User:Carwil/Genetic Structure of Human Populations (2002 scientific article)

From Wikipedia, the free encyclopedia

In a 2002 scientific article, "Genetic Structure of Human Populations," Noah Rosenberg and six other genetics researchers…


In a 2005 paper, Rosenberg and his team acknowledged that findings of a study on human population structure are highly influenced by the way the study is designed.[1][2] They reported that the number of loci, the sample size, the geographic dispersion of the samples and assumptions about allele-frequency correlation all have an effect on the outcome of the study.


Clusters by Rosenberg et al. (2002, 2005)[edit]

A major finding of Rosenberg and colleagues (2002) was that when five clusters were generated by the program (specified as K=5), "clusters corresponded largely to major geographic regions." Specifically, the five clusters corresponded to Africa, Europe plus the Middle East plus Central and South Asia, East Asia, Oceania, and the Americas. The study also confirmed prior analyses by showing that, "Within-population differences among individuals account for 93 to 95% of genetic variation; differences among major groups constitute only 3 to 5%."

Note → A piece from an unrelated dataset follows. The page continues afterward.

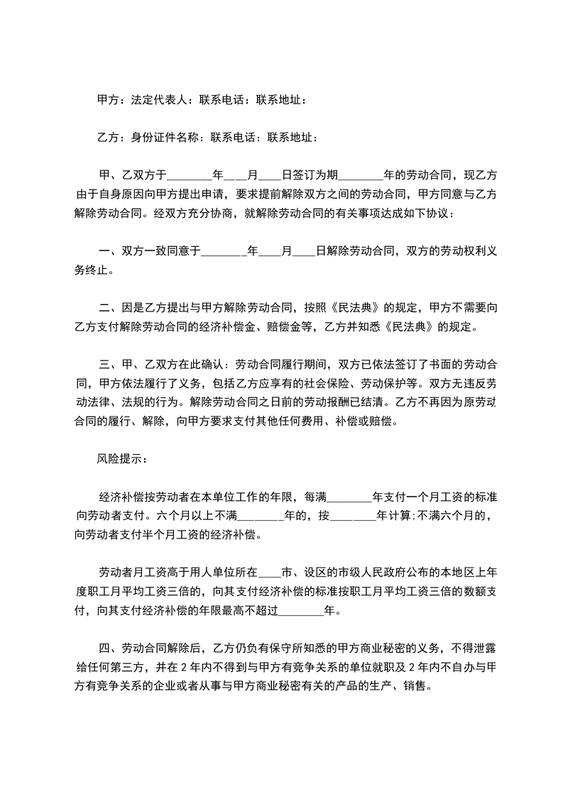 根据保险条例规定,双方一致认为,该次事故不属于工伤范围,故乙方同意放弃工伤认定申请。现因乙方在规定的医疗期满后不能从事原工作,也不能从事由甲方另行安排的工作,根据乙方的申请,双方同意于________年____月____日提前解除劳动合同关系。相关协议内容如下:

Human population structure can be inferred from multilocus DNA sequence data (Rosenberg et al. 2002, 2005). Individuals from 52 populations were examined at 993 DNA markers. This data was used to partition individuals into K = 2, 3, 4, 5, or 6 gene clusters. In this figure, the average fractional membership of individuals from each population is represented by horizontal bars partitioned into K colored segments.

Rosenberg and colleagues (2005) have argued, based on cluster analysis, that populations do not always vary continuously and a population's genetic structure is consistent if enough genetic markers (and subjects) are included. "Examination of the relationship between genetic and geographic distance supports a view in which the clusters arise not as an artifact of the sampling scheme, but from small discontinuous jumps in genetic distance for most population pairs on opposite sides of geographic barriers, in comparison with genetic distance for pairs on the same side. Thus, analysis of the 993-locus dataset corroborates our earlier results: if enough markers are used with a sufficiently large worldwide sample, individuals can be partitioned into genetic clusters that match major geographic subdivisions of the globe, with some individuals from intermediate geographic locations having mixed membership in the clusters that correspond to neighboring regions." They also wrote, regarding a model with five clusters corresponding to Africa, Eurasia (Europe, Middle East, and Central/South Asia), East Asia, Oceania, and the Americas: "For population pairs from the same cluster, as geographic distance increases, genetic distance increases in a linear manner, consistent with a clinal population structure. However, for pairs from different clusters, genetic distance is generally larger than that between intracluster pairs that have the same geographic distance. For example, genetic distances for population pairs with one population in Eurasia and the other in East Asia are greater than those for pairs at equivalent geographic distance within Eurasia or within East Asia. Loosely speaking, it is these small discontinuous jumps in genetic distance—across oceans, the Himalayas, and the Sahara—that provide the basis for the ability of STRUCTURE to identify clusters that correspond to geographic regions".[3]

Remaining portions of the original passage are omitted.